====== The data ======

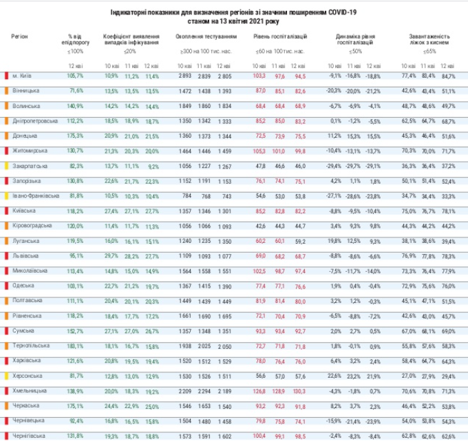 По состоянию на утро вторник, 13 апреля, в Украине сокращается уровень госпитализаций пациентов с Covid-19. Уже пять регионов соответствуют норме по этому показателю, в то время, как вчера было четыре. По сравнению с предыдущими сутками ситуация улучшилась в Луганской области.
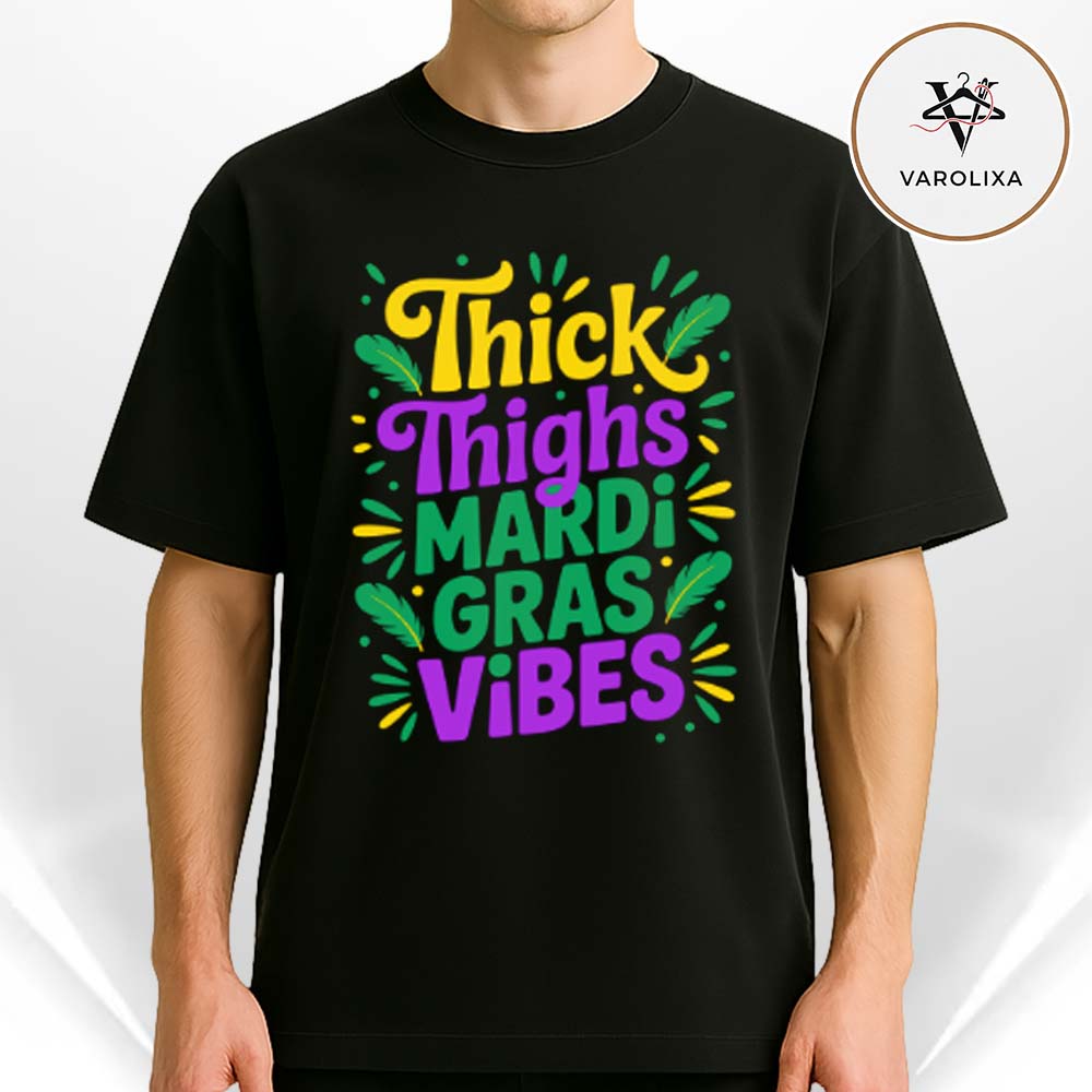 Thick Thighs Mardi Gras Vibes Unisex T Shirt 2025 Funny Carnival Party Outfit
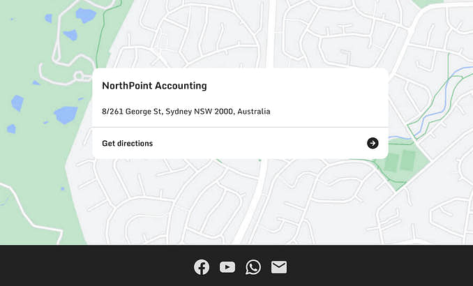 Make it simple for people to find and reach you. This template comes with a built-in location section and "Get directions" button, so clients can easily navigate to your office. You can update your contact details, business hours, and announcements from your phone, ensuring businesses always have the latest information when they need your services.
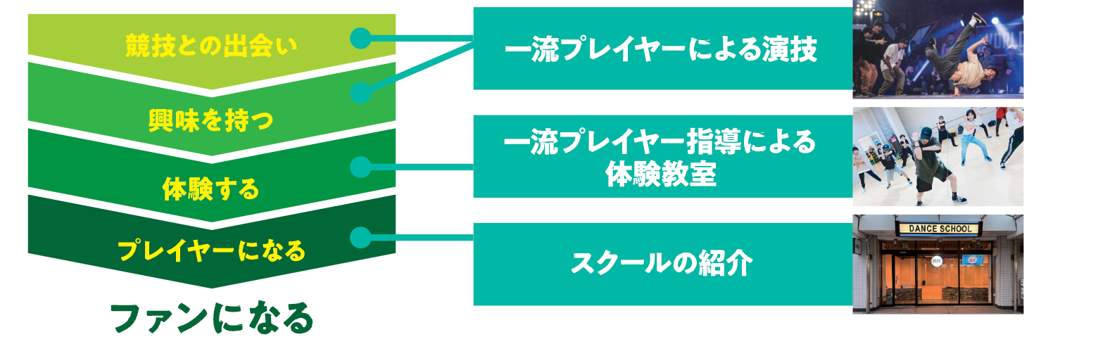 世界、そして日本国内でも普及を図るムーブメントが起きている中、「新たなファンの獲得と定着」はアーバンスポーツにとって最大のミッションです。本イベントでは、「競技との出会い→ファンになる」この流れを実現するイベント設計を行います。
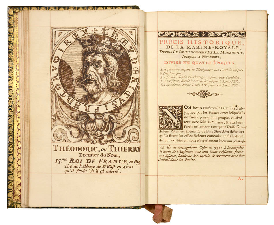 The text, a history of the French Navy from its inception to the time of Louis XVI, is the same as that published in Précis historique de la Marine Royale de France, depuis l'origine de la monarchie jusqu'au Roi régnant (Paris, Eugene Onfroy, [1780]). The published edition is in two volumes and without illustrations, and includes a different dedication (to Monseigneur de Sartine, Ministre et Secrétaire d'État au Département de la Marine) and preface. There is an index at the end of each volume.

======

▶ _Task directions_
Please set down the lines above word for word and leave out the pictures.

▶ _Result_
 По состоянию на утро вторник, 13 апреля, в Украине сокращается уровень госпитализаций пациентов с Covid-19. Уже пять регионов соответствуют норме по этому показателю, в то время, как вчера было четыре. По сравнению с предыдущими сутками ситуация улучшилась в Луганской области.
 Thick Thighs Mardi Gras Vibes Unisex T Shirt 2025 Funny Carnival Party Outfit
 Make it simple for people to find and reach you. This template comes with a built-in location section and "Get directions" button, so clients can easily navigate to your office. You can update your contact details, business hours, and announcements from your phone, ensuring businesses always have the latest information when they need your services.
 世界、そして日本国内でも普及を図るムーブメントが起きている中、「新たなファンの獲得と定着」はアーバンスポーツにとって最大のミッションです。本イベントでは、「競技との出会い→ファンになる」この流れを実現するイベント設計を行います。
 The text, a history of the French Navy from its inception to the time of Louis XVI, is the same as that published in Précis historique de la Marine Royale de France, depuis l'origine de la monarchie jusqu'au Roi régnant (Paris, Eugene Onfroy, [1780]). The published edition is in two volumes and without illustrations, and includes a different dedication (to Monseigneur de Sartine, Ministre et Secrétaire d'État au Département de la Marine) and preface. There is an index at the end of each volume.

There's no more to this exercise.